Some experts say the mansion market is immune to the real estate meltdown.
Analysts at JPMorgan Chase beg to differ.
A study produced by the bank’s mortgage-bond analysts, including John Sim and Matthew Jozoff, says that the market for expensive homes is in even worse shape than that for inexpensive ones.
For example, the supply of unsold homes in California priced at $750,000 to $1 million has stayed steady, while the inventory of more expensive houses rose.
Tighter lending standards and the lack of cheap financing for these borrowers continue to be key issues, the report says, referring to jumbo mortgages.

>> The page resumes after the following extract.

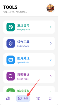 2、在下方的导航栏中点击“软件”选项,进入工具中心。

In addition, none of the Obama administration’s programs to assist homeowners directly focused on helping the sales of these so-called millionaire homes, the analysts write.
Currently, we have national home prices bottoming in 2011, they explain.
However, prices for more expensive homes may not bottom out until 2012, and ultimately result in peak-to-trough declines in excess of 60 percent (compared to 40 percent nationally).
In an interview with Bloomberg, Sim says, “California is probably worse than other states, but higher-priced homes in general are going to be a problem.”
They’re clearly a problem in Palm Beach, Fla.
The median price of single-family homes sold on the wealthy island in October through December of last year dropped 20 percent from a year earlier, to $2.7 million, according to a Palm Beach Post analysis of data compiled by local attorney Les Evans.